Task directions ::
From the records that follow, return exactly the lines beginning at the one that contains "O vestido se" and ending at the one that contains "Cheerful piece of", pictures left out.

Data for processing ::

—————

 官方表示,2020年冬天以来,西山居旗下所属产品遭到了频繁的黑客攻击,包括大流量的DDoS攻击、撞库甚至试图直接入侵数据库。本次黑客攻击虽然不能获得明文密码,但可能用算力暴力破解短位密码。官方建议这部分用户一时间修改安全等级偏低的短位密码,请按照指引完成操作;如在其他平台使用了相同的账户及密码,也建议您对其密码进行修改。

—————

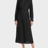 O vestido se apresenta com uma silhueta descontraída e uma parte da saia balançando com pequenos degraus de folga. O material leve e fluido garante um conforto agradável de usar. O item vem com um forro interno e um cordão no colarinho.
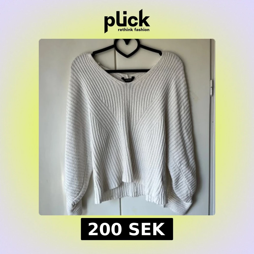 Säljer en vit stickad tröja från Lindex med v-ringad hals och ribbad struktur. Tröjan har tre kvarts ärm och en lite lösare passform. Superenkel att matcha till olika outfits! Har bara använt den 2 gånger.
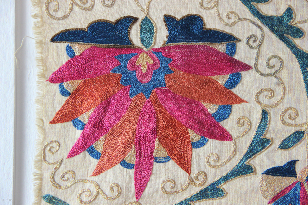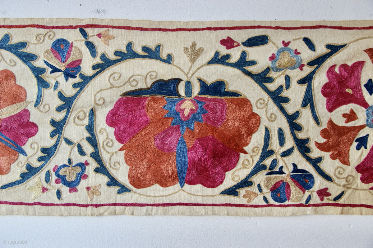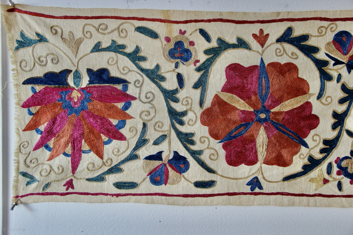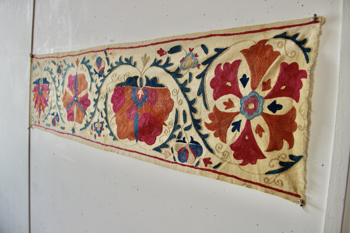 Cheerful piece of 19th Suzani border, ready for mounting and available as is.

—————

Result for this exercise ::
 O vestido se apresenta com uma silhueta descontraída e uma parte da saia balançando com pequenos degraus de folga. O material leve e fluido garante um conforto agradável de usar. O item vem com um forro interno e um cordão no colarinho.
 Säljer en vit stickad tröja från Lindex med v-ringad hals och ribbad struktur. Tröjan har tre kvarts ärm och en lite lösare passform. Superenkel att matcha till olika outfits! Har bara använt den 2 gånger.
 Cheerful piece of 19th Suzani border, ready for mounting and available as is.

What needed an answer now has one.